P value indicates significance of difference between the two subgroups. Significance level at p≤0.01 and p≤0.001 are indicated by ^* and ^**, respectively.

Children's Depression Rating Scale, Revised score without the anhedonia-related item.

Includes generalized anxiety disorder and social phobia.

MDD, major depressive disorder; BSSI, Beck Scale for Suicidal Ideation; MASC, Multidimensional Anxiety Scale for Children; ADHD, attention-deficit/ hyperactivity disorder.

Exploratory associations with gender, age, ethnicity, and BMI

None of these characteristics were associated with level of anhedonia or irritability.

Discussion

This cross-sectional study supported the hypothesis that depressed adolescents would exhibit a wide and normally distributed severity range of irritability and anhedonia. Findings documented that anhedonia, but not irritability, whether assessed quantitatively or categorically, was associated with increased overall illness severity, suicidality scores, illness duration, and number of MDD episodes.

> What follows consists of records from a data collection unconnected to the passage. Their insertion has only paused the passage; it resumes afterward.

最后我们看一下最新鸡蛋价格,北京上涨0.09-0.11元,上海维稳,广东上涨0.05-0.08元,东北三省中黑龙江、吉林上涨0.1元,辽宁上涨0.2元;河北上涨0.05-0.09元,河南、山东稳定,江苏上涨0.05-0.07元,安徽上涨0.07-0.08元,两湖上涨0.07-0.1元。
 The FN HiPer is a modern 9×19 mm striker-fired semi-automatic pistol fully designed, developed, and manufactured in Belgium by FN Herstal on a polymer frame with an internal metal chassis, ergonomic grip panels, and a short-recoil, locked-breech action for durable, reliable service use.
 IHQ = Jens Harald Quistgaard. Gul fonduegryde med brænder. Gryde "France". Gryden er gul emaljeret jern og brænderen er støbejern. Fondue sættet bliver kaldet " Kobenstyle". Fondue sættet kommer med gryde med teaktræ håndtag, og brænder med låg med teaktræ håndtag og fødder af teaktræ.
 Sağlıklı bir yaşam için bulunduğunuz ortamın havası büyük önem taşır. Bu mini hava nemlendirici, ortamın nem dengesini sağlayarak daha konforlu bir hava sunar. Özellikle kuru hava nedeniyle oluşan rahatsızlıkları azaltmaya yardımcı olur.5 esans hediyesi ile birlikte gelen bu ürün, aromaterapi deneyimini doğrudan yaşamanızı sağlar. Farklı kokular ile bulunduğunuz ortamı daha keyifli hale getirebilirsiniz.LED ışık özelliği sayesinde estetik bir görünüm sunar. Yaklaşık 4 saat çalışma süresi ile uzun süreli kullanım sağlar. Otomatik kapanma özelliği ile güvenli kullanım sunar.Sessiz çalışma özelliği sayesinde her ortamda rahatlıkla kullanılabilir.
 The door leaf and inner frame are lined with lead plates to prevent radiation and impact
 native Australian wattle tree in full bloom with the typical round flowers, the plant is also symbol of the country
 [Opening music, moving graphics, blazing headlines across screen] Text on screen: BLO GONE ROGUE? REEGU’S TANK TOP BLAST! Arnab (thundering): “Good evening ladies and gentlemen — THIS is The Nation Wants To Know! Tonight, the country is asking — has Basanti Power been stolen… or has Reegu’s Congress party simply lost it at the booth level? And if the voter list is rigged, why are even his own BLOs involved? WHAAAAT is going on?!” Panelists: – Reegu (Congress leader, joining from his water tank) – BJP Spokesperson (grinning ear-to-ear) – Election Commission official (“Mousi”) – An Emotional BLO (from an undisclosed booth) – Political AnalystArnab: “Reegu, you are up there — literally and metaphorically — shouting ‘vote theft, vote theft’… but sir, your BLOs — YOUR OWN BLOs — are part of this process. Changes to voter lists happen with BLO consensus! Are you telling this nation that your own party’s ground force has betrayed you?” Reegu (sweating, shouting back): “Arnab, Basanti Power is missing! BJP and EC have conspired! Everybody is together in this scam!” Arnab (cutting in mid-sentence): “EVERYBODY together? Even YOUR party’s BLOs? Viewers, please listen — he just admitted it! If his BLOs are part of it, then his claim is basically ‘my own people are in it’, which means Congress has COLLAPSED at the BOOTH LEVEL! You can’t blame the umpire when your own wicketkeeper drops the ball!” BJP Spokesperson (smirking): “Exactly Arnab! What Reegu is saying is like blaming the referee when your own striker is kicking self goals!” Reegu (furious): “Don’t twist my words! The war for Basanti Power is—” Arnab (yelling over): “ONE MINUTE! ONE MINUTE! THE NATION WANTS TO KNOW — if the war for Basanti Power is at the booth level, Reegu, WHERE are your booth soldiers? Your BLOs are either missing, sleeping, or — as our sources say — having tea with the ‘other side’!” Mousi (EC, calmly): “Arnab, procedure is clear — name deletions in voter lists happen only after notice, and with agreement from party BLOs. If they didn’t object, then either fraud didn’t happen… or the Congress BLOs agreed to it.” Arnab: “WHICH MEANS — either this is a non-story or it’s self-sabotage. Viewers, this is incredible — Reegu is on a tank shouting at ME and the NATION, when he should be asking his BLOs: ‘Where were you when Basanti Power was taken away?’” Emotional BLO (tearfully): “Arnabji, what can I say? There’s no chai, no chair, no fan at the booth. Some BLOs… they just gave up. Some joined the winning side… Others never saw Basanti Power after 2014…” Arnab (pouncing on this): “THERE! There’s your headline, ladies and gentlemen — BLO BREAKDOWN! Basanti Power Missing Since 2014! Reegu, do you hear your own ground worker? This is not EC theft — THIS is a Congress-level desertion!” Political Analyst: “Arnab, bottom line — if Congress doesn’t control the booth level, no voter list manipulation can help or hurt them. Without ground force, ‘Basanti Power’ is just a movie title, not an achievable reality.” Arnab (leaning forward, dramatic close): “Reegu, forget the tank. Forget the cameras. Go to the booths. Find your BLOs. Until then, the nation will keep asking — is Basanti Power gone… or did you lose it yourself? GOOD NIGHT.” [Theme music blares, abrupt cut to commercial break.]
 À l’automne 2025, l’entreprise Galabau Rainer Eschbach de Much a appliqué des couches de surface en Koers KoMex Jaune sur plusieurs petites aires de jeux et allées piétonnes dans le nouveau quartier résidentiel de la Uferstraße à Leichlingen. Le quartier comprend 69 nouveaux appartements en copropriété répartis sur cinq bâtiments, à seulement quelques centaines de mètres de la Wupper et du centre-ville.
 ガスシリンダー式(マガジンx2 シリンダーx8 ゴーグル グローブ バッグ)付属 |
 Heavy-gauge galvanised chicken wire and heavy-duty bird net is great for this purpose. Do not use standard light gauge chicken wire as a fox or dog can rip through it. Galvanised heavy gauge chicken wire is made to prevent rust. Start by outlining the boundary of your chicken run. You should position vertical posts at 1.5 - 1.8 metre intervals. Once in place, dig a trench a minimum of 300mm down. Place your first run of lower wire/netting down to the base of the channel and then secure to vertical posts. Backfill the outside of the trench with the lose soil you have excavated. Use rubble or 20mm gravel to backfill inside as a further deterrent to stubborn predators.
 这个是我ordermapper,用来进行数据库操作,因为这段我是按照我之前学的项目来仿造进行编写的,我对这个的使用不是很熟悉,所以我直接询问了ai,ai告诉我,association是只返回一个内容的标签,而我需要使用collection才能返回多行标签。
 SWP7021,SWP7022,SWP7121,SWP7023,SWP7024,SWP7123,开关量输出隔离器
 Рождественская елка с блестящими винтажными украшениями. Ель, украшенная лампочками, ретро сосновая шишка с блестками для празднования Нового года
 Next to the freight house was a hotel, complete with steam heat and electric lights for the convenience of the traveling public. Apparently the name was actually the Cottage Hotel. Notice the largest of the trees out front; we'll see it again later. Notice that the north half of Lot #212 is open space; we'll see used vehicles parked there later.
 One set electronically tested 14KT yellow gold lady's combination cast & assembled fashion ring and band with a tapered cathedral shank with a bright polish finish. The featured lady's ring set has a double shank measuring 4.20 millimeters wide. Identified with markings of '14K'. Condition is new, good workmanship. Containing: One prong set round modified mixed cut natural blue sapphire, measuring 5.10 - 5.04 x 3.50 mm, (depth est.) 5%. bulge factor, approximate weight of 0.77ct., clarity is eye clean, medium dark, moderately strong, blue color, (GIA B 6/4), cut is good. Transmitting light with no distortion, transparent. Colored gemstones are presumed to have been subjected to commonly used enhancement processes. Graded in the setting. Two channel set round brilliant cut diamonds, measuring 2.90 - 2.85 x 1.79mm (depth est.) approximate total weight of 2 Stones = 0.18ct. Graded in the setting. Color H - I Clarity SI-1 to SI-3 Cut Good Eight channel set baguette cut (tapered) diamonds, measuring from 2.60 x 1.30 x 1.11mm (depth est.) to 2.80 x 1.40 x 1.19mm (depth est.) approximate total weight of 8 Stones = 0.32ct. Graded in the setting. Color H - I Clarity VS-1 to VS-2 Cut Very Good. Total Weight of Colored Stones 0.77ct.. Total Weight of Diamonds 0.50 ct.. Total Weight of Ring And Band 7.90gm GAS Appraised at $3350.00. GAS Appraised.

Our findings that anhedonia and irritability – two core symptoms of adolescent MDD – manifest a normally distributed, wide severity range that includes the lowest values possible (comparable with those of healthy nondepressed individuals) replicates our prior findings in our small sample of biological studies (Gabbay et al. 2012a,b, 2013; Henderson et al. 2013). Such findings underscore the need to take into account the interindividual variability of symptom severity both in biological and intervention studies in adolescents with MDD (Insel et al. 2010).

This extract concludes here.